Ma non c’è dubbio sul fatto che le sfide principali con gli altri player mondiali si giocheranno sui mercati internazionali. La grande sfida sarà, in particolare, intercettare una domanda potenziale che è molto segmentata a livello economico-sociale. In base a quanto sottolineato, i dati di commercio internazionale relativi alla nautica non consentono, complice il peso dei Paesi con vantaggi fiscali per iscrizione e immatricolazione dei natanti e la non necessaria coincidenza tra nazione importatrice e nazionalità dell’acquirente, questo tipo di identificazione geografica dei mercati, che si ricava invece in modo indiretto. Come? Verificando ad esempio le destinazioni di altri beni con forte connotazione di status sociale e a elevato valore unitario, come le automobili di lusso o le antichità d’arte, che hanno una maggior aderenza tra nazione importatrice e acquirente. Oppure, in un’ottica più di medio periodo, considerando il ruolo svolto dalla formazione culturale nello sviluppo dei gusti e delle aspirazioni delle classi sociali mondiali a più alto reddito: in questo senso, la nazionalità degli studenti iscritti ai master delle più prestigiose università Europee e del Nord America. In tutti questi casi, oltre ai mercati tradizionali, appare evidente il crescente ruolo dei Paesi del Medio Oriente e dell’Estremo Oriente, all’interno dei quali, integrando le informazioni sui grandi patrimoni individuali (più o meno distorte da effetti fiscali e dalla volatilità dei patrimoni azionari) è possibile identificare potenziali bacini di futuri acquirenti.
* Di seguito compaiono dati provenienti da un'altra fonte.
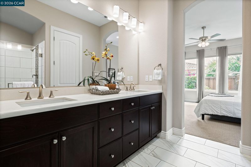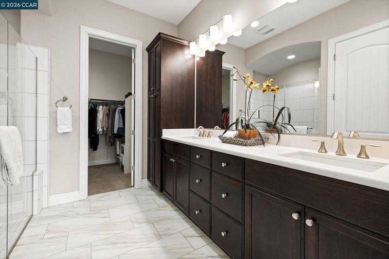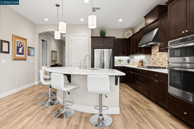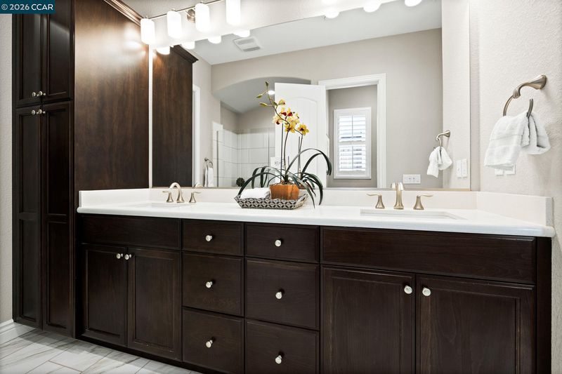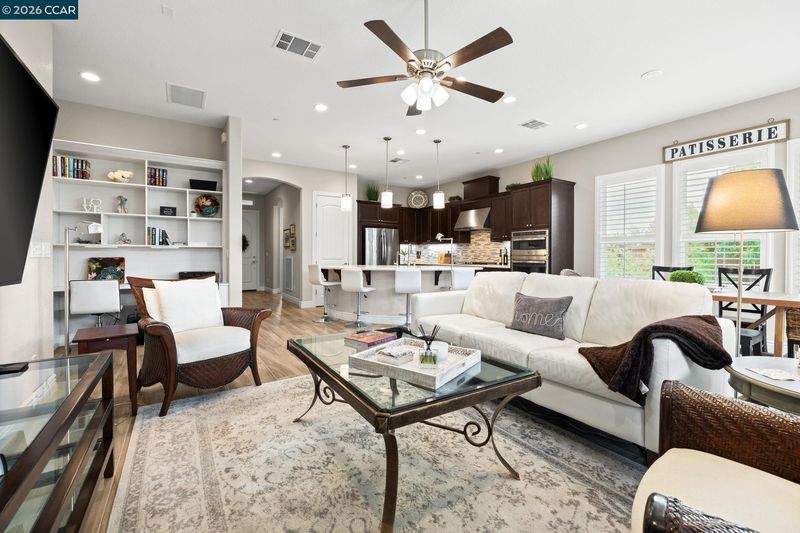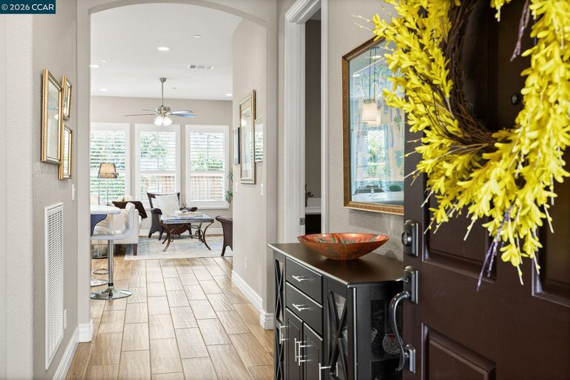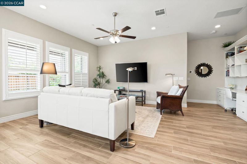 113 characters left. Absolutely gorgeous home. This beautiful single-story home combines modern elements with classic design and is located in the hills of Trilogy at The Vineyards. The home offers an open-concept layout with natural light, high ceilings, wood-style tile, custom window covering, shutters, and a wonderful outdoor space. The Chef’s kitchen has a large center island with top-of-the-line appliances, shaker cabinets, high-end Quartz counters, a custom tile backsplash, abundant cabinetry, and a pantry. This home has a fantastic living space and an office area with custom built-ins by California Closets. It features a wonderful primary suite with a large bathroom and dual sink vanity, a custom shower, and a large walk-in closet. The spacious second bedroom is adjacent to a full bathroom. With over $140K in upgrades, this home is a true standout. Located within the exclusive Trilogy 55+ gated resort community
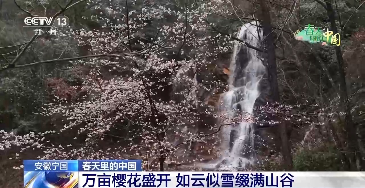 萬(wàn)畝櫻花盛開(kāi) 如云似雪綴滿(mǎn)山谷
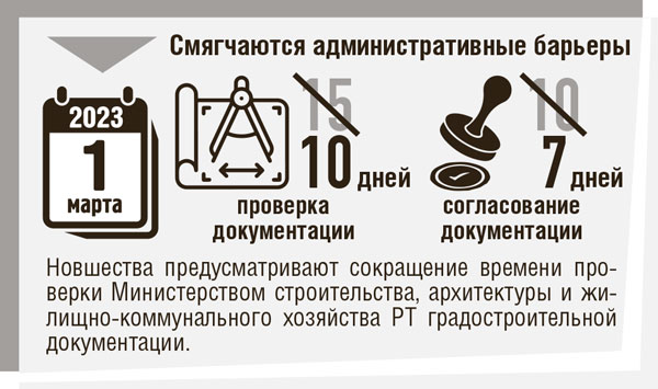 Закон РТ №5-ЗРТ от 3 февраля 2023 года «О внесении изменений в статью 18 Закона РТ «О градостроительной деятельности в Республике Татарстан» вступил в силу 1 марта 2023 года. Новшества предусматривают сокращение времени проверок Министерством строительства, архитектуры и жилищно-коммунального хозяйства РТ документации на соответствие градостроительным требованиям – с 15 до 10 рабочих дней, а также с 10 до 7 рабочих дней срока согласования такой документации с органами исполнительной власти РТ. Предлагаемые изменения вносятся в соответствии с положениями Градостроительного кодекса РФ.
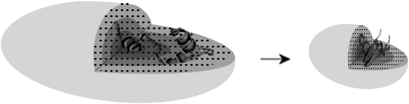 Thisdiagramdemonstratesthecoreconceptofthefuzzyoildrop(FOD)model, whichpositstheexistenceofanexternalforce fieldgeneratedbytheaqueoussolvent. Theexternal fieldguideshydrophobicresiduestowardthecenteroftheproteinbody, whilehydrophilicresiduesareinsteadexposedonitssurface.Theprocesscontinuesas theencapsulatingellipsoidcapsuleshrinks(viachangesin s coefficientsofthe3D Gaussian).Thegradualincreaseofgraycolorvisualizetheincreaseofhydrophobicity concentration.
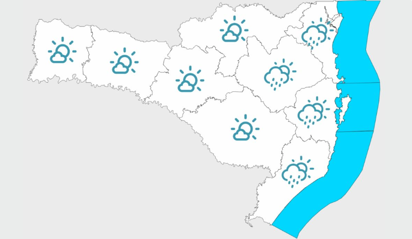 • Máximas: até 30°C no Oeste; entre 24°C e 27°C no Vale do Itajaí e Litoral Norte; e de 20°C a 25°C nas outras áreas
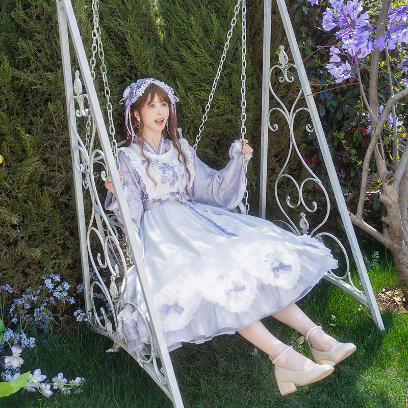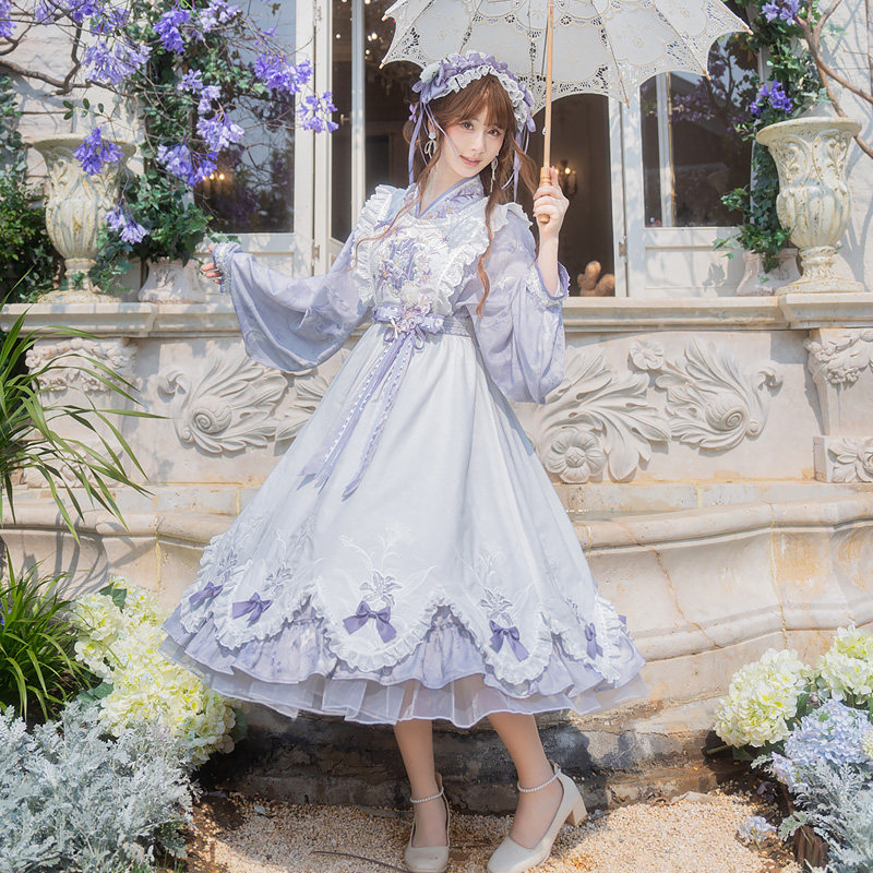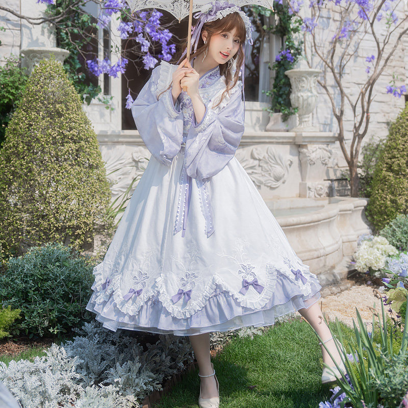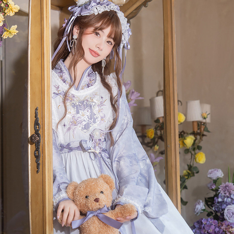 素女套装 原创紫色交领连衣裙仙气罩裙汉元 春夏 琴音百合 云藏月绣
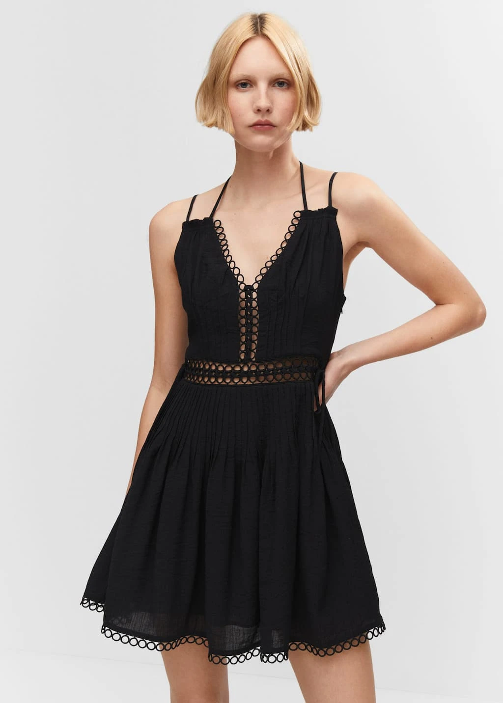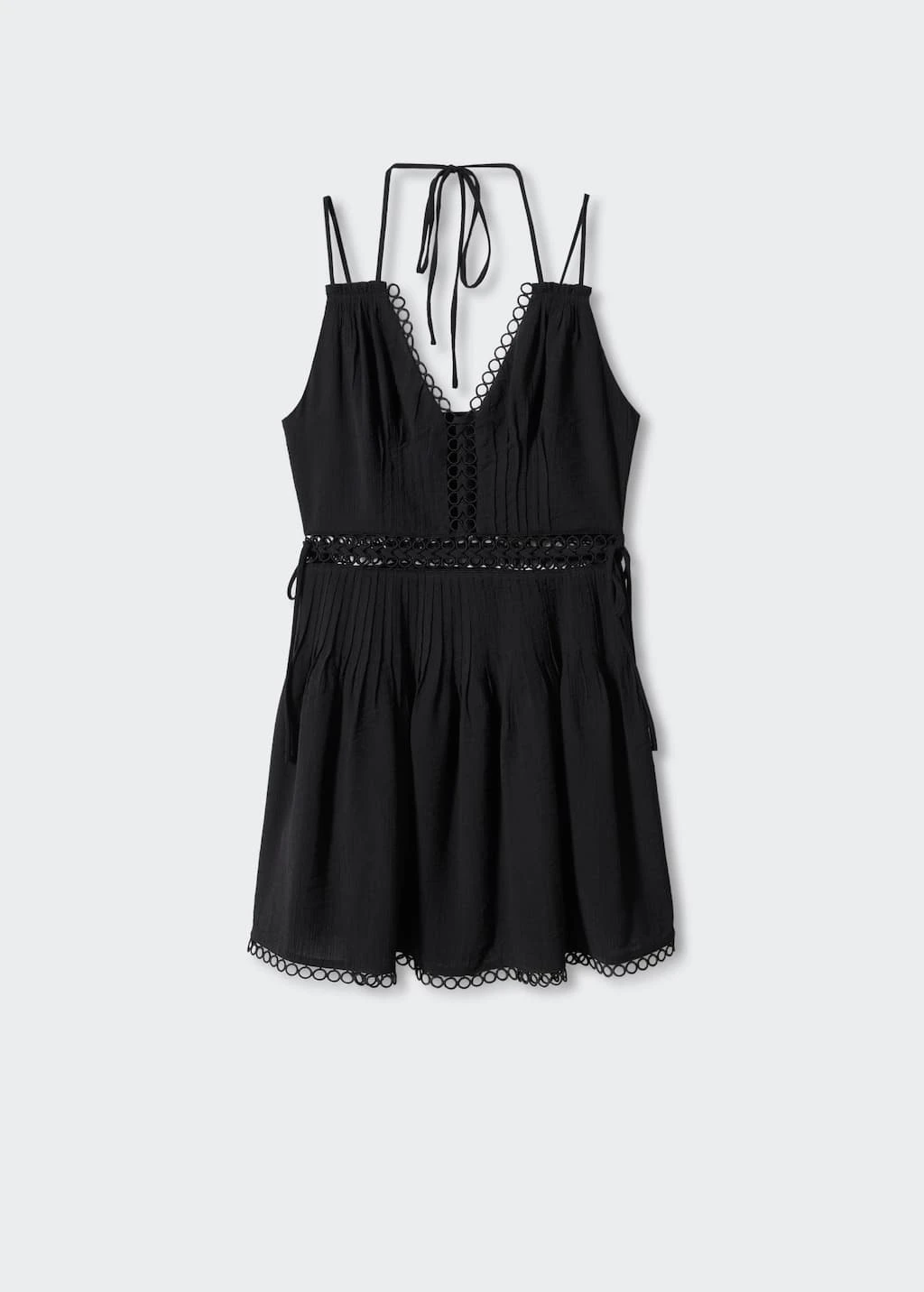 tissu plisse, tissu fluide, evase, coupe courte, col en v, bretelles fines doubles, bretelles ajustables, lien a nouer au dos, empiecements en dentelle, empiecements ajoures, saison des festivalsComposition: 82% viscose,18% polyamide. Doublure: 100% coton. Dentelle: 100% polyester
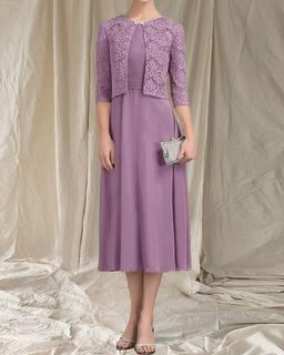 Två Delad A-Linje Mor till bruden Klänning Bröllopsgäst Elegant Crew Neck Te Längd Chiffong Spets 3/4 Längd Ärme med Spets Rynkad Midi Klänning
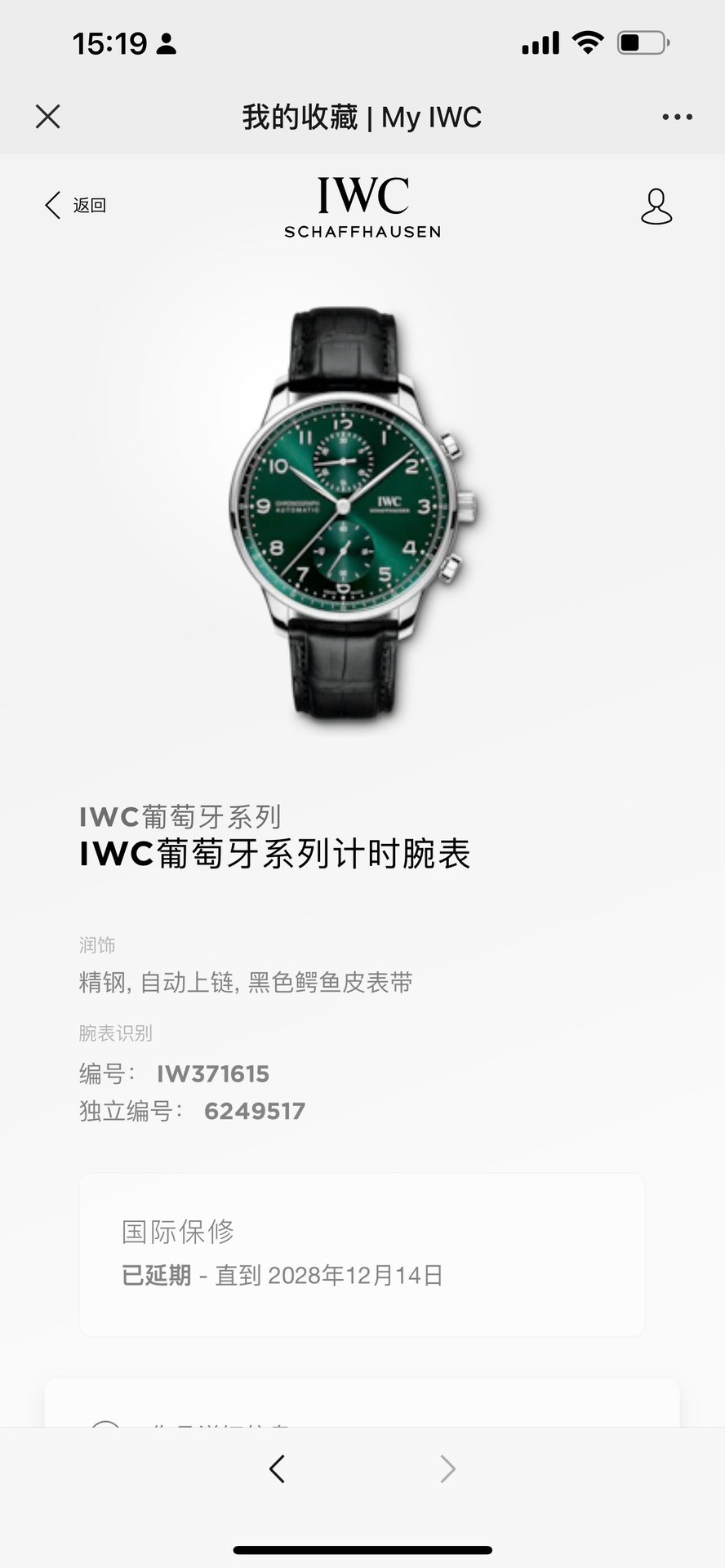 已延保 2020年全套 万国 葡萄牙计时腕表 系列 IW371615 公价:64800 表径:41毫米 表壳厚度:13.1毫米 机芯型号:69355 机芯类型:自动机械 动力储备:46小时

Sarà poi cruciale, considerando le forti radici industriali del settore, riuscire a mantenere un ruolo di primo piano nelle traiettorie di sviluppo e innovazione. Guardando il numero dei brevetti relativi ai materiali per gli scafi e ai motori marini, l’Italia risulta essere il nono Paese mondiale, in ritardo rispetto ai maggiori concorrenti, europei e non (Stati Uniti, Olanda, Germania e Francia). Un ulteriore sforzo per affermare in modo riconoscibile e oggettivo, attraverso i brevetti, il costante lavoro di innovazione svolto dalle imprese italiane potrebbe rafforzarne la centralità sui mercati mondiali, dove già oggi sono ai vertici per design e personalizzazione.